Para o diagnóstico das dificuldades de aprendizagem não basta uma coleta cuidadosa dos sintomas e da história do paciente. É preciso diagnosticar a qualidade das relações emocionais do presente e do passado-presente, isto é, dos aspectos infantis presentes nas relações. Assim, será possível, levantar hipóteses sobre a existência de fatores psicológicos e emocionais na organização psíquica do sujeito. Não basta conhecer a criança. É fundamental compreender a criança que está na cabeça dos pais e os pais que estão na cabeça da criança: expectativas, papéis, fantasias, condições sócio-culturais e emocionais mesmo antes do nascimento e, principalmente, durante os primeiros anos de vida.

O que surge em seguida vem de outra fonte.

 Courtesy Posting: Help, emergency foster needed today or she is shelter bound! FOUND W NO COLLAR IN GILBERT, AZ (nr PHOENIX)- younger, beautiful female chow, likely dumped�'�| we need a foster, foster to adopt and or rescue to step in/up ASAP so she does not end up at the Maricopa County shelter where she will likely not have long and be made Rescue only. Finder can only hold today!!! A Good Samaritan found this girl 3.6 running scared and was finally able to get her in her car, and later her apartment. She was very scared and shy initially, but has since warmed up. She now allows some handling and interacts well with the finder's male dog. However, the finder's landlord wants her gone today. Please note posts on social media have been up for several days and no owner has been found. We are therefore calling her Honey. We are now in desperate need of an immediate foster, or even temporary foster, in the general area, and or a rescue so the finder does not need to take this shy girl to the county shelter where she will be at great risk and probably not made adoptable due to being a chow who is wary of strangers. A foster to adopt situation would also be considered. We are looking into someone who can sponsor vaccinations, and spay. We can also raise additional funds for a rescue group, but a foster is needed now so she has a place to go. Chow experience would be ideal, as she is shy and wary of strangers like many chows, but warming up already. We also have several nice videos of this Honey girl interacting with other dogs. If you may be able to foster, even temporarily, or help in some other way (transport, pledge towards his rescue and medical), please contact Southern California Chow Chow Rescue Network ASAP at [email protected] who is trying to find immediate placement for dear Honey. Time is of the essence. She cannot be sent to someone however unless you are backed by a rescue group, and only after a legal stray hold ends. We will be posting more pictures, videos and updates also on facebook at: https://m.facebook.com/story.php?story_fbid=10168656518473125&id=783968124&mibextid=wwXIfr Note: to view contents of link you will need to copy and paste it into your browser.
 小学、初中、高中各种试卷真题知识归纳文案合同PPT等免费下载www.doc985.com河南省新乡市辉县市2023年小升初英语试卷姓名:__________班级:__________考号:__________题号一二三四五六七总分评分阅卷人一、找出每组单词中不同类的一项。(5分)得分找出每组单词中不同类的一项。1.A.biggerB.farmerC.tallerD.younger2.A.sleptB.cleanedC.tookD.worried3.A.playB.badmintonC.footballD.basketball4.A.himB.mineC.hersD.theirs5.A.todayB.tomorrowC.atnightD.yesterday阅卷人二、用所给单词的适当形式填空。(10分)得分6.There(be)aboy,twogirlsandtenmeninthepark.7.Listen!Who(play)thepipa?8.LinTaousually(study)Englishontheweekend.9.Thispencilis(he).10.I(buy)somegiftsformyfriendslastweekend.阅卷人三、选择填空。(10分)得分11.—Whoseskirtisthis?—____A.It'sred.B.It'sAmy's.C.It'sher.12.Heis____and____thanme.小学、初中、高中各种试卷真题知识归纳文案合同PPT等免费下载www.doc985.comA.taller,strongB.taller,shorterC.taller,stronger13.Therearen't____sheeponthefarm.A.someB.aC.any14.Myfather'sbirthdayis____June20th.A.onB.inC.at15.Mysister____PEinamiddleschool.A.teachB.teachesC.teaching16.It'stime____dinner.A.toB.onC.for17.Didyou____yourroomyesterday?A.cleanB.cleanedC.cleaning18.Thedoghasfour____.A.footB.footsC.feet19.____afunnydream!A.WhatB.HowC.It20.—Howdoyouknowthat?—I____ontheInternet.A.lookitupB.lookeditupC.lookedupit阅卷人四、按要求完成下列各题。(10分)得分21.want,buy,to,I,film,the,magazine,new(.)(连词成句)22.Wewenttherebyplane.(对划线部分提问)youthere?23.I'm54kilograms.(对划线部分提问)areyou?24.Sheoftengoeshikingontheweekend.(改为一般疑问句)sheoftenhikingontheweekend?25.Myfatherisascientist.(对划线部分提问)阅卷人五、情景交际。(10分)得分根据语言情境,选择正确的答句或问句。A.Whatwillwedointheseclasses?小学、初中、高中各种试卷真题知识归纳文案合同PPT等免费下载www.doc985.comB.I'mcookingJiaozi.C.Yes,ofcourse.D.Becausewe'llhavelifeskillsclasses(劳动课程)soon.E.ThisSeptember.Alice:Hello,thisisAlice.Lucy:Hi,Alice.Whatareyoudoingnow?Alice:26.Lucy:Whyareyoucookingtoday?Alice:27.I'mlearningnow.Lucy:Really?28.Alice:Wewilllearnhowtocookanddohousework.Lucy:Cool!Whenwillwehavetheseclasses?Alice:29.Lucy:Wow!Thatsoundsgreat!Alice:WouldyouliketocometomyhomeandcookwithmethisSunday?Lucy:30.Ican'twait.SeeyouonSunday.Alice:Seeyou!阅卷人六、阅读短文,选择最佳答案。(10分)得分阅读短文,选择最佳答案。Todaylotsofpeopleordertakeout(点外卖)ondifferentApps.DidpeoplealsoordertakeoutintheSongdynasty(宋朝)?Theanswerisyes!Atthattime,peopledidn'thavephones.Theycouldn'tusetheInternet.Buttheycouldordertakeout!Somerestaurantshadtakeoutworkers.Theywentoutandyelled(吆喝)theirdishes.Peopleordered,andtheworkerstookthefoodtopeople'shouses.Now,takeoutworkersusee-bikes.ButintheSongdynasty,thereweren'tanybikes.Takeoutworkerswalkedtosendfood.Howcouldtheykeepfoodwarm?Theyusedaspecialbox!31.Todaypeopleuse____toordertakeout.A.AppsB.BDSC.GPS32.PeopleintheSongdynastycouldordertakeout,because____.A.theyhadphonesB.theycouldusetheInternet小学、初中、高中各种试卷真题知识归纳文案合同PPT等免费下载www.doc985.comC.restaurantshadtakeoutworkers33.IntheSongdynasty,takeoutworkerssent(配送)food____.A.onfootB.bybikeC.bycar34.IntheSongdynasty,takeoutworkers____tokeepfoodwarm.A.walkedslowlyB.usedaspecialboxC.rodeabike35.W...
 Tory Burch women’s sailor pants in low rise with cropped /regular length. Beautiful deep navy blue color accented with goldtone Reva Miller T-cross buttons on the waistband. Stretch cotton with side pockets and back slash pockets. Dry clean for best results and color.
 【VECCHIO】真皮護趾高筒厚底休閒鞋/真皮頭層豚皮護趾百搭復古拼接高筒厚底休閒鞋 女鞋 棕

A compreensão da dinâmica familiar interfere na constituição do espaço interno e na formação e desenvolvimento dos objetos representativos dos afetos e do mundo exterior. Tais elementos participam do processo de aprendizagem e da dinâmica na mediação entre o sujeito e o mundo ao seu redor. Ansiedades existentes na relação do casal ou num dos pais é apreendida pela criança interferindo e mobilizando fantasias ou mesmo perturbando o desenvolvimento de funções como dar e receber, unir e separar, dividir e multiplicar, experimentar ou evitar a experiência emocional.

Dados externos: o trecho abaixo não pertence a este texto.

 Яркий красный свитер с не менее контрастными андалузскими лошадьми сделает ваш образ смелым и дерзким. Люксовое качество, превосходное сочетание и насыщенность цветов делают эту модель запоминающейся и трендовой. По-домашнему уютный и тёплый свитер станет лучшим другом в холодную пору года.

A aquisição do aprendizado e do conhecimento depende da capacidade para suportar tensão e frustração na aquisição do novo. Portanto, é fundamental que se tenha a preocupação de procurar entender a gênese do fenômeno: se as dificuldades apresentadas pela criança são expressão de conflitos emocionais da criança, da família, do meio sócio-cultural ou uma resultante de um conjunto no qual a criança é o emergente, o sintoma de uma rede complexa de relações perturbadoras que interferem no processo de aprendizagem.

Não se pode avaliar as dificuldades de aprendizagem desvinculada dos processos relacionais familiares e sócio-culturais com o risco de se fragmentar o sujeito e favorecer o desenvolvimento de sentimentos de exclusão.

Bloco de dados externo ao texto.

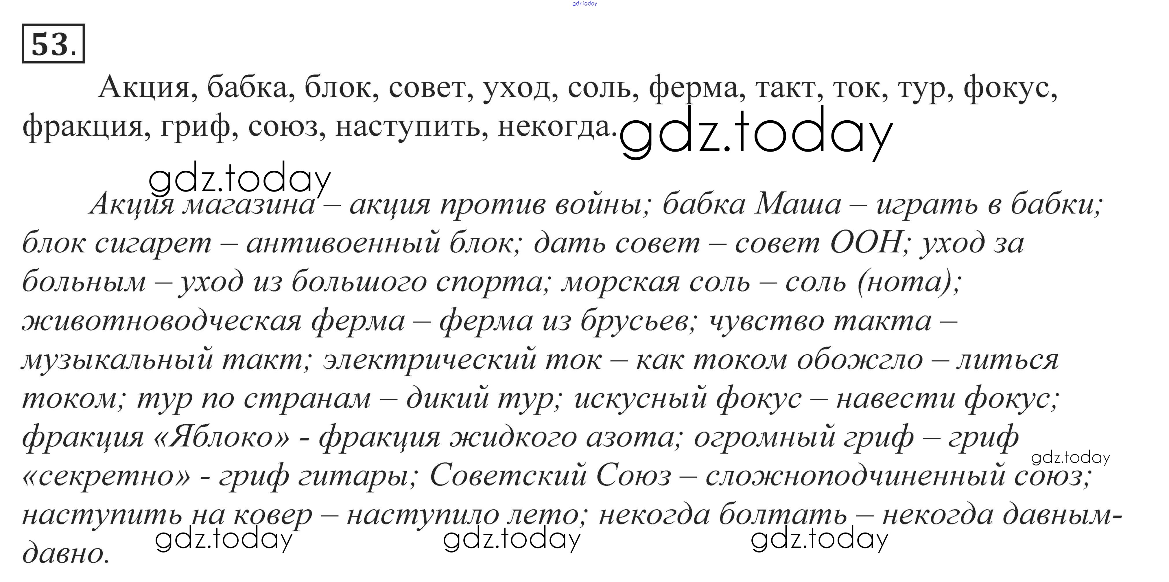 На страницах сайта gdz.today вы найдете учебный и вспомогательный материал, направленный на улучшения знаний школьной программы. ГДЗ - онлайн мир знаний Решение к упражнениям 53 Учебнику по Русскому языку для 10-11 класса Власенков, Рыбченкова Базовый уровень Просвещение 2014

Para ilustrar estas questões complexas que envolvem as primeiras relações afetivas e a aprendizagem apresentarei o caso de um rapaz de 15 anos. As inúmeras dificuldades sociais e de aprendizagem conduziram-no a se submeter à psicoterapia psicanalítica e ao um trabalho psicopedagógico, complementares entre si.

João é muito tímido, aspecto frágil e aparenta um ar deficitário. Envergonha-se ao fazer algo errado. É repetente por duas vezes. Desde o início do primeiro grau necessitou de reforço pedagógico. Suas dificuldades escolares se intensificaram na quinta série, em desenho geométrico, depois em matemática e ciências. Relaciona-se, de preferência, com crianças menores. É motivo de gozação entre os colegas. Primogênito e único homem de uma prole de 3 filhos. Tem pouca iniciativa. Mantém-se distante das irmãs e pouco se relaciona com o pai, mais descontraído quando em companhia da mãe. Queixa-se de pesadelos após filmes de terror, apesar de sentir grande atração. Imagina-se futebolista profissional no futuro, mas não tem tenacidade. Desiste ao ter de enfrentar dificuldades, mesmo as mais comuns. Tem poucos colegas e não se mantém em grupo. Suas qualidades esportivas não correspondem às suas expectativas. É motivo de agressão entre os colegas. Inúmeros medos. Fez várias tentativas de tratamento psicoterápico e psicopedagógico com resultados medíocres. Apresenta-se dependente e com pouca autonomia. Quer sempre agradar e tem pavor de errar. O envolvimento afetivo é superficial e não demonstra grande curiosidade cognitiva. Seu ritmo é extremamente lento, sem energia. O conteúdo adquirido é de forma mecânica. Não apresenta déficits de compreensão, manejos gramaticais ou semânticos; bom vocabulário ativo, denotando dificuldades para a “metalinguagem”, isto é, para explicar o significado das palavras. Acentuada disgrafia. A leitura é adequada quanto a entonação, expressividade, velocidade e pontuação. Sua visão dos fatos é rígida e não reflexiva, com pouca mobilidade do pensamento. A elaboração oral é melhor do que a escrita. Dificuldades de análise e síntese.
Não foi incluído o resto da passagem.